EXERCISE BRIEF. Repeat the data as given. Images do not go in the copy.

##########

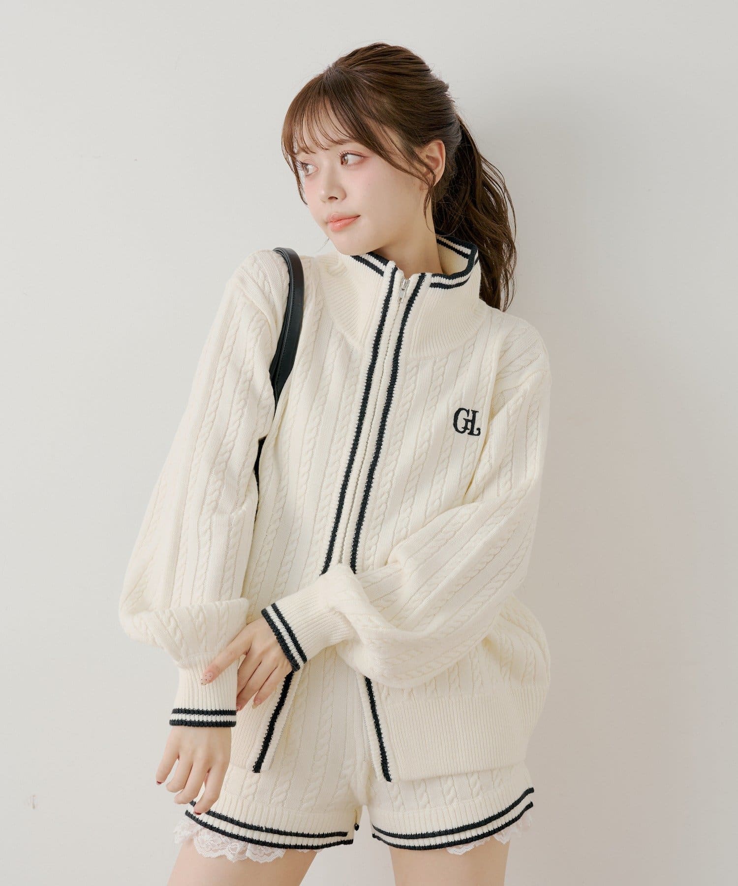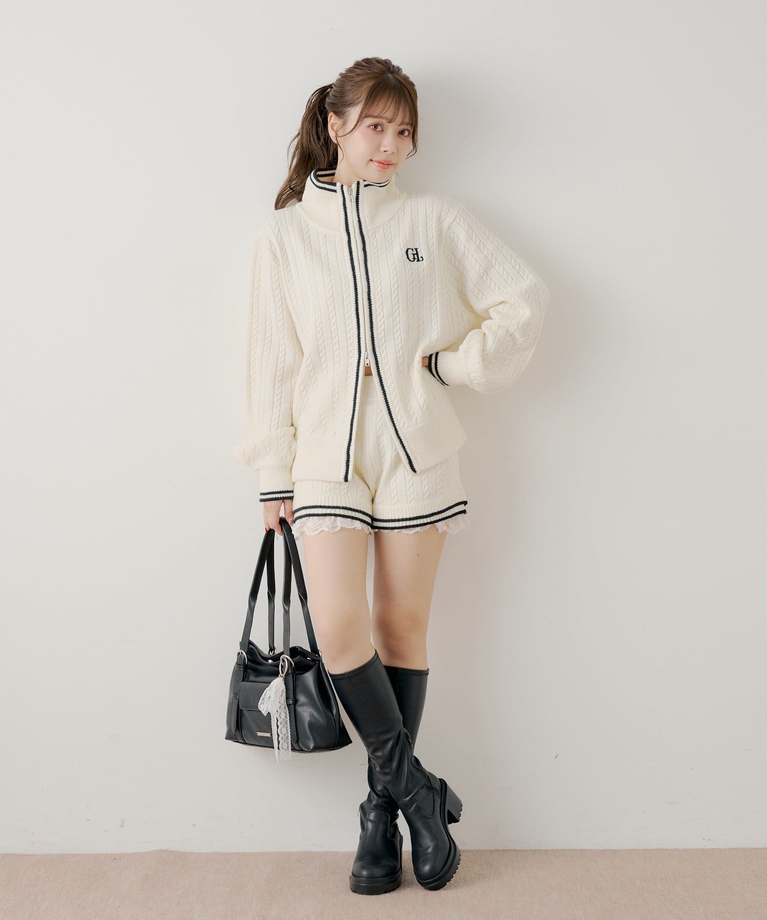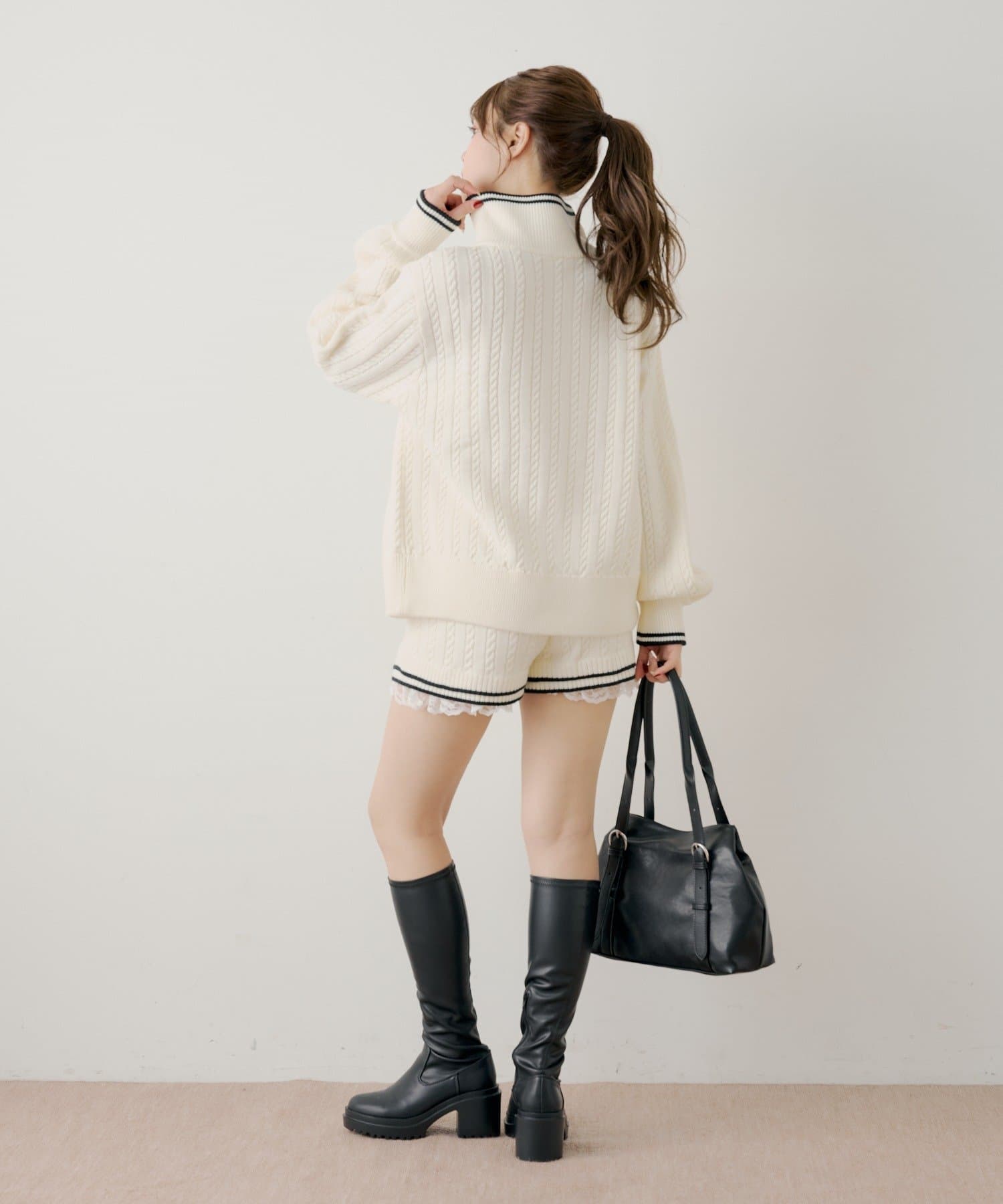 ・同素材のニットショートパンツと合わせてセットアップで着るのが可愛くておすすめです。
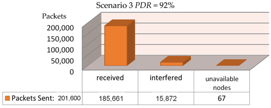 Figure 10. Here, we noticed a 6.5% loss because of transmission interference, 67 out of 201,600 messages were lost because of unavailable node connections with the gateway due to a busy transmitting gateway, and again zero losses due to low sensitivity. Finally, for the third and final scenario, where the gateway was installed at the roof of a duplicate neighboring building, a PDR of 92.0% was achieved as can be seen in
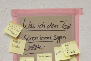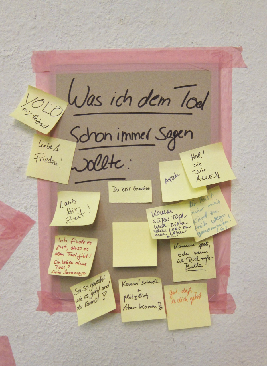 Wie wollt ihr leben, wenn das Leben zu Ende ist? Über welchem Urban-Gardenzaun wollt ihr hängen? Eine Trauerfeier in der St. Pauli Stadionkapelle oder eine Beisetzung auf dem HSV-Friedhof? Nachhaltig vergehen an den Wurzeln eines Baumes oder das zu kurze Leben verlängern bei –196 ̊C in der Kryonik-Röhre. Ist das Ende ein Lifestyle-Problem oder sind die Toten eher ein Urban Death Project für die Zurückbleibenden? Welches Wohnprojekt hat noch einen Platz für freie Geister auf ihrem Genossenschaftsfriedhof? Lasst uns einen Blick riskieren!
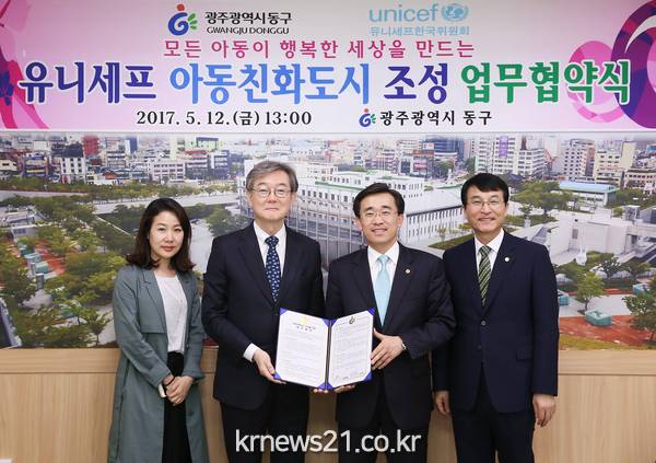광주 동구(청장 김성환)가 지난달 동구의회, 동부경찰서, 동부소방서, 동부교육지원청, 광주YMCA 등과 협약을 체결한데 이어 12일 유니세프한국위원회(사무총장 서대원)와 업무협약식을 개최하며 아동친화도시 조성에 박차를 가하고 있다.
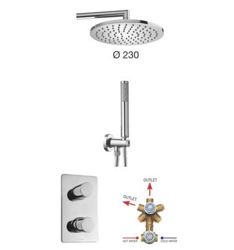 Cosmo, готовый набор для душа (без излива), 1 режим верхней лейки, 1 режим ручной лейки, 23 см, round, 5 функций, easy-clean, арт. M00753.030, Bossini
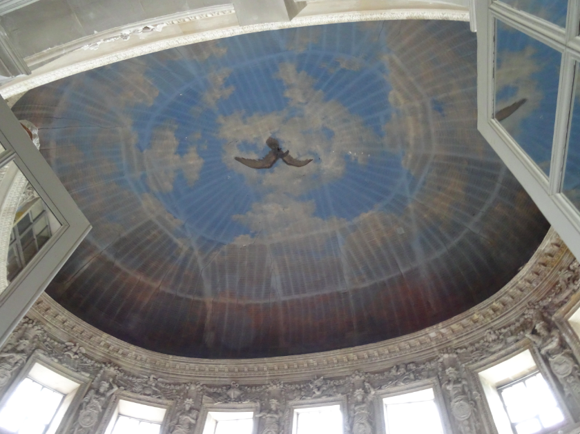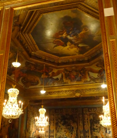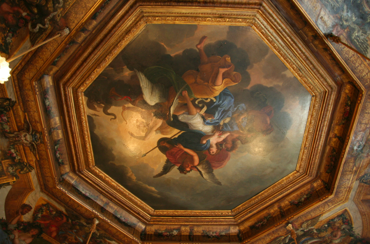 Le plafond est peint et sculpté. C’est la première fois que cette technique est utilisée et se retrouvera bien entendu à Versailles. On peut voir le pied d’un ange dans le vide, comme des ailes ou autres éléments en stuc.
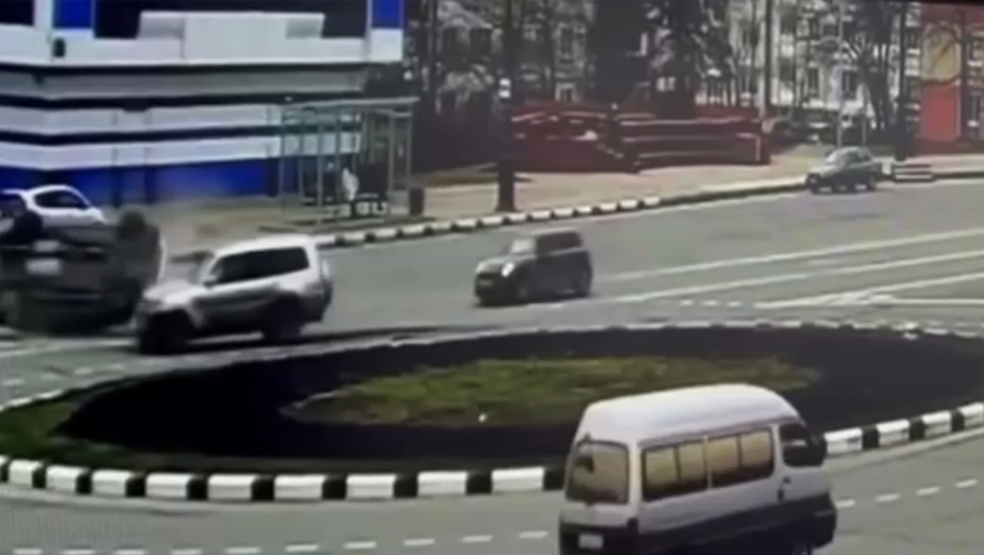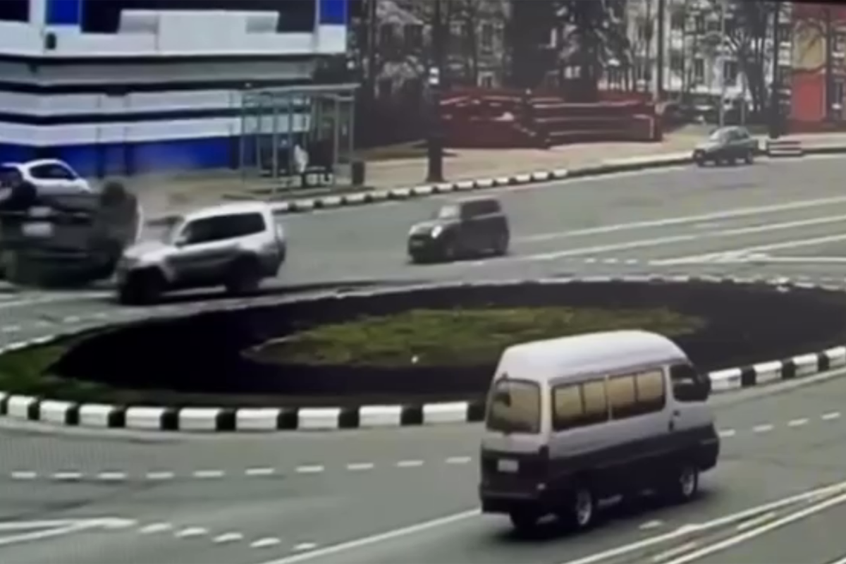 Уличная камера запечатлела инцидент. На кадрах видно, как от удара иномарка переворачивается и падает на бок. Информация о состоянии водителя уточняется.
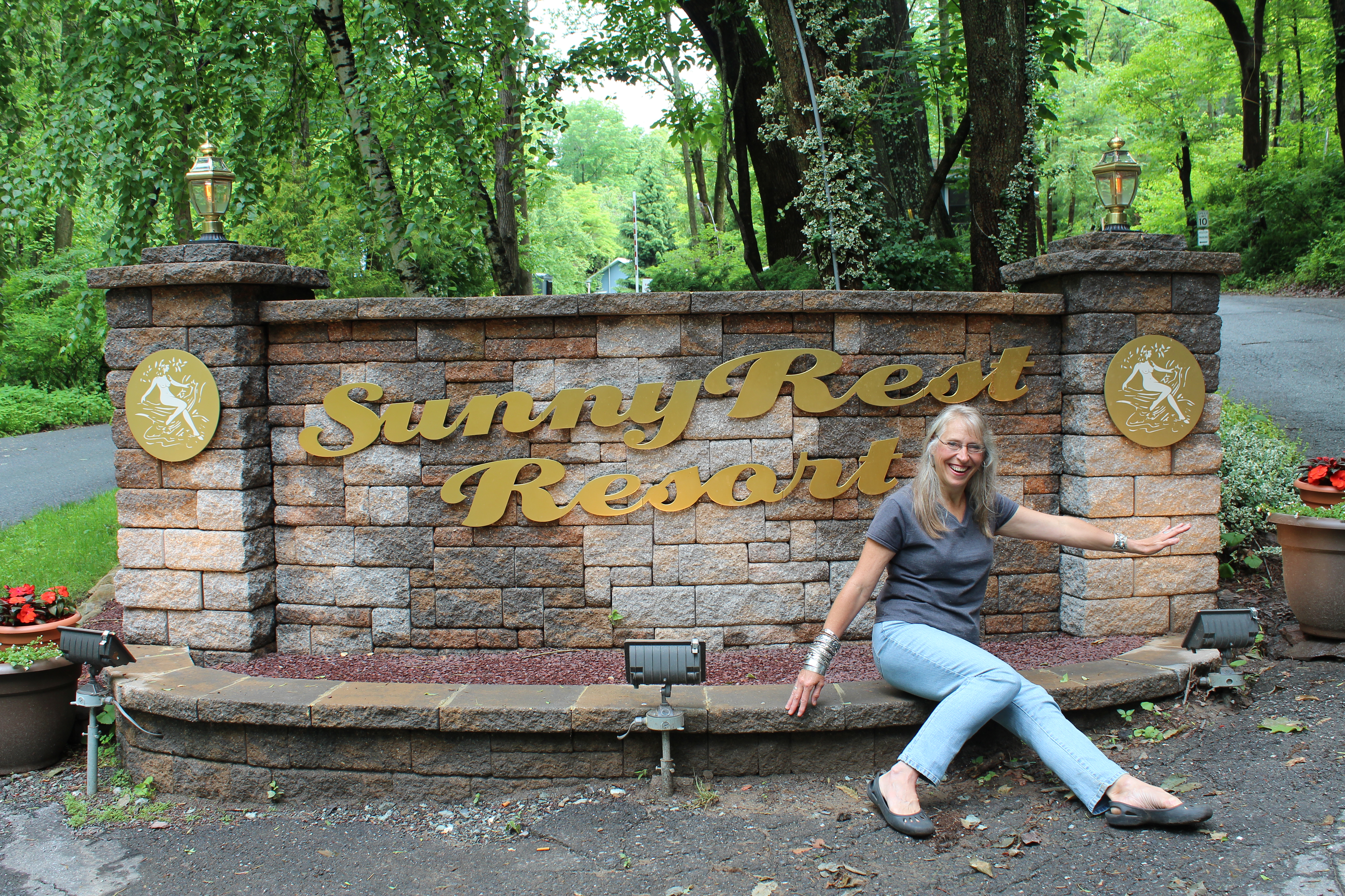 Sunny Rest 006I have no idea what to pack for a nudist resort get-away. “Very little in the clothing department,” my husband and daughter tease. But it is chilly this June weekend, and possible rain in the forecast. What do they do under these circumstances, crank up the heat to allow patrons to go unclothed? This seems really stupid energy wise in the summer, but patrons do pay good money to go there and romp unclothed outdoors and in. When I ask the resort owner, Myra this question, she tells me the camp’s motto… “Nude when possible, clothed when necessary.” I could interpret the “necessary” part multiple ways.
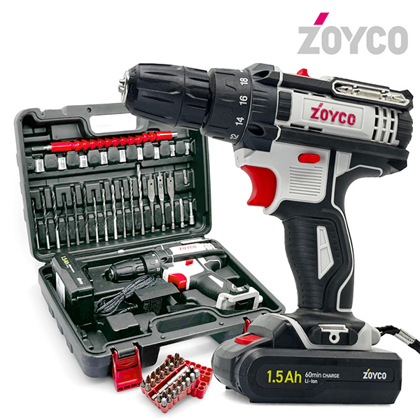 [조이코] 플렉시블 가정용 전동드릴세트 18.5V (본체+배터리+비트 총 60pcs)
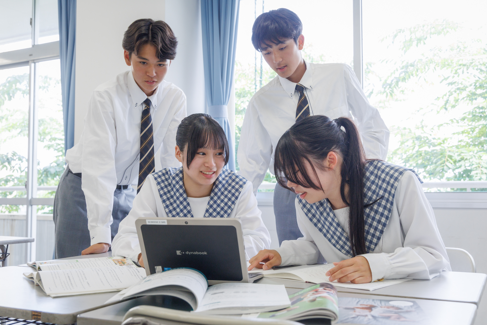 文系・理系に分かれ、専門的な学びが始まります。学習用端末の長所を活かした効率的な学びで「文武両道」の実現を図ります。さらに、大学・企業見学を通して自分の将来像を具体的に描き始めます。
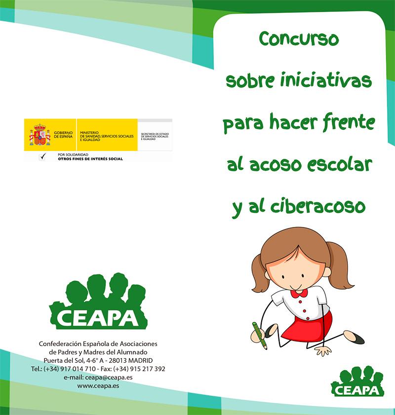 CEAPA. ha hecho pública la convocatoria de un concurso sobre iniciativas para hacer frente al acoso escolar y al ciberacoso. Está dirigido a niños, niñas y adolescentes. Su objetivo es promover la participación y el compromiso infantil en la creación de ideas e iniciativas que permitan prevenir el acoso escolar y el ciberacoso. Otra meta es crear un espacio para empoderar a los niños/as y adolescentes y darles un papel protagonista en la resolución de sus conflictos.
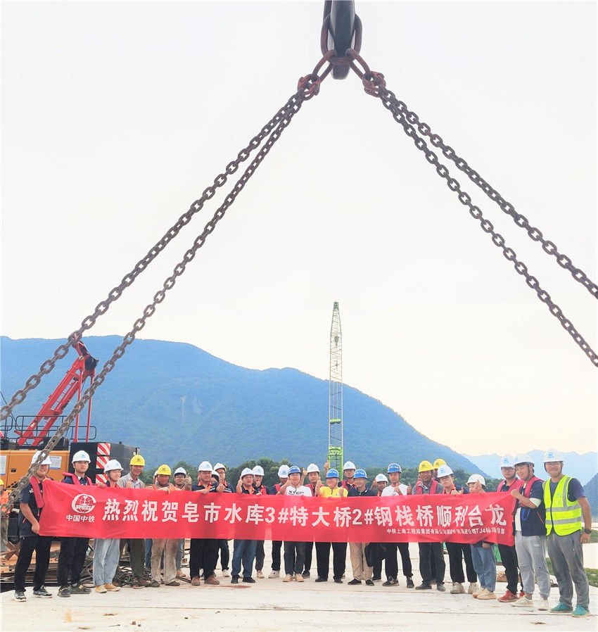 7月16日下午17時,隨著最后一塊鋼筋混凝土預制板鋪設完成,爐慈高速公路項目皂市水庫3#特大橋2#鋼棧橋順利合龍,標志著3#特大橋施工建設即將全面啟動。
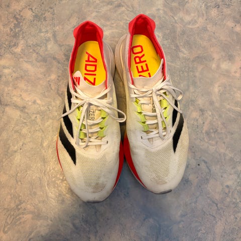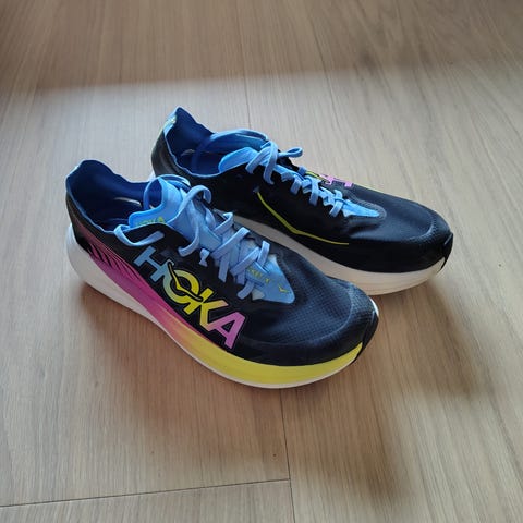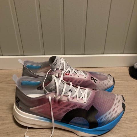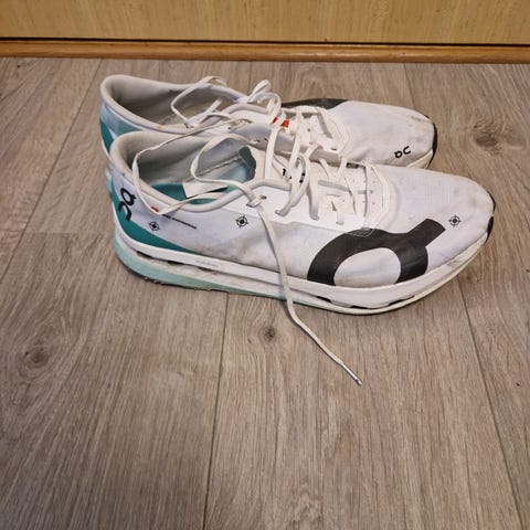 On Cloudboom Strike str 45, løpt ca 400 km på disse. Fortsatt bouncy og gode.
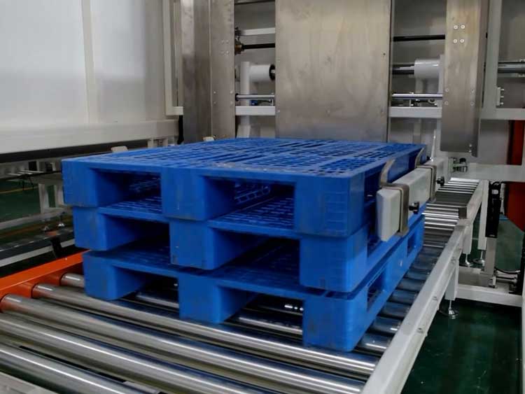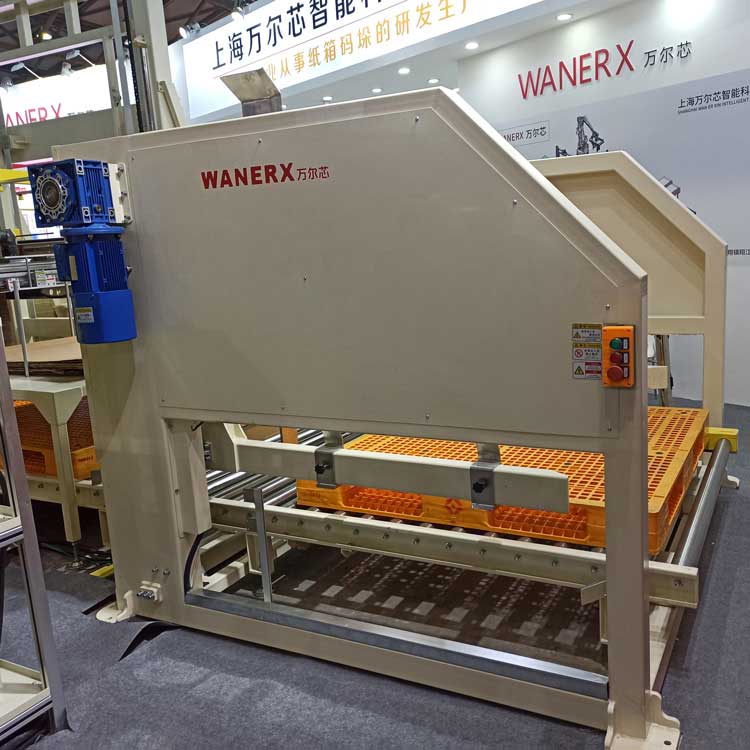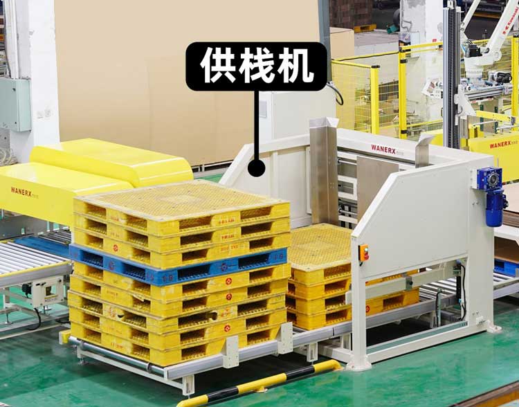 供棧機則是棧板分離機結構控製棧板掉落在鏈板輸送線上,分離機構成可根據棧板不同尺寸自動調整寬度,棧板分離後,經由鏈板線輸送至麻豆乱伦视频機器人處。

##########

TASK ANSWER.
 ・同素材のニットショートパンツと合わせてセットアップで着るのが可愛くておすすめです。
 Figure 10. Here, we noticed a 6.5% loss because of transmission interference, 67 out of 201,600 messages were lost because of unavailable node connections with the gateway due to a busy transmitting gateway, and again zero losses due to low sensitivity. Finally, for the third and final scenario, where the gateway was installed at the roof of a duplicate neighboring building, a PDR of 92.0% was achieved as can be seen in
 Wie wollt ihr leben, wenn das Leben zu Ende ist? Über welchem Urban-Gardenzaun wollt ihr hängen? Eine Trauerfeier in der St. Pauli Stadionkapelle oder eine Beisetzung auf dem HSV-Friedhof? Nachhaltig vergehen an den Wurzeln eines Baumes oder das zu kurze Leben verlängern bei –196 ̊C in der Kryonik-Röhre. Ist das Ende ein Lifestyle-Problem oder sind die Toten eher ein Urban Death Project für die Zurückbleibenden? Welches Wohnprojekt hat noch einen Platz für freie Geister auf ihrem Genossenschaftsfriedhof? Lasst uns einen Blick riskieren!
광주 동구(청장 김성환)가 지난달 동구의회, 동부경찰서, 동부소방서, 동부교육지원청, 광주YMCA 등과 협약을 체결한데 이어 12일 유니세프한국위원회(사무총장 서대원)와 업무협약식을 개최하며 아동친화도시 조성에 박차를 가하고 있다.
 Cosmo, готовый набор для душа (без излива), 1 режим верхней лейки, 1 режим ручной лейки, 23 см, round, 5 функций, easy-clean, арт. M00753.030, Bossini
 Le plafond est peint et sculpté. C’est la première fois que cette technique est utilisée et se retrouvera bien entendu à Versailles. On peut voir le pied d’un ange dans le vide, comme des ailes ou autres éléments en stuc.
 Уличная камера запечатлела инцидент. На кадрах видно, как от удара иномарка переворачивается и падает на бок. Информация о состоянии водителя уточняется.
 Sunny Rest 006I have no idea what to pack for a nudist resort get-away. “Very little in the clothing department,” my husband and daughter tease. But it is chilly this June weekend, and possible rain in the forecast. What do they do under these circumstances, crank up the heat to allow patrons to go unclothed? This seems really stupid energy wise in the summer, but patrons do pay good money to go there and romp unclothed outdoors and in. When I ask the resort owner, Myra this question, she tells me the camp’s motto… “Nude when possible, clothed when necessary.” I could interpret the “necessary” part multiple ways.
 [조이코] 플렉시블 가정용 전동드릴세트 18.5V (본체+배터리+비트 총 60pcs)
 文系・理系に分かれ、専門的な学びが始まります。学習用端末の長所を活かした効率的な学びで「文武両道」の実現を図ります。さらに、大学・企業見学を通して自分の将来像を具体的に描き始めます。
 CEAPA. ha hecho pública la convocatoria de un concurso sobre iniciativas para hacer frente al acoso escolar y al ciberacoso. Está dirigido a niños, niñas y adolescentes. Su objetivo es promover la participación y el compromiso infantil en la creación de ideas e iniciativas que permitan prevenir el acoso escolar y el ciberacoso. Otra meta es crear un espacio para empoderar a los niños/as y adolescentes y darles un papel protagonista en la resolución de sus conflictos.
 7月16日下午17時,隨著最后一塊鋼筋混凝土預制板鋪設完成,爐慈高速公路項目皂市水庫3#特大橋2#鋼棧橋順利合龍,標志著3#特大橋施工建設即將全面啟動。
 On Cloudboom Strike str 45, løpt ca 400 km på disse. Fortsatt bouncy og gode.
 供棧機則是棧板分離機結構控製棧板掉落在鏈板輸送線上,分離機構成可根據棧板不同尺寸自動調整寬度,棧板分離後,經由鏈板線輸送至麻豆乱伦视频機器人處。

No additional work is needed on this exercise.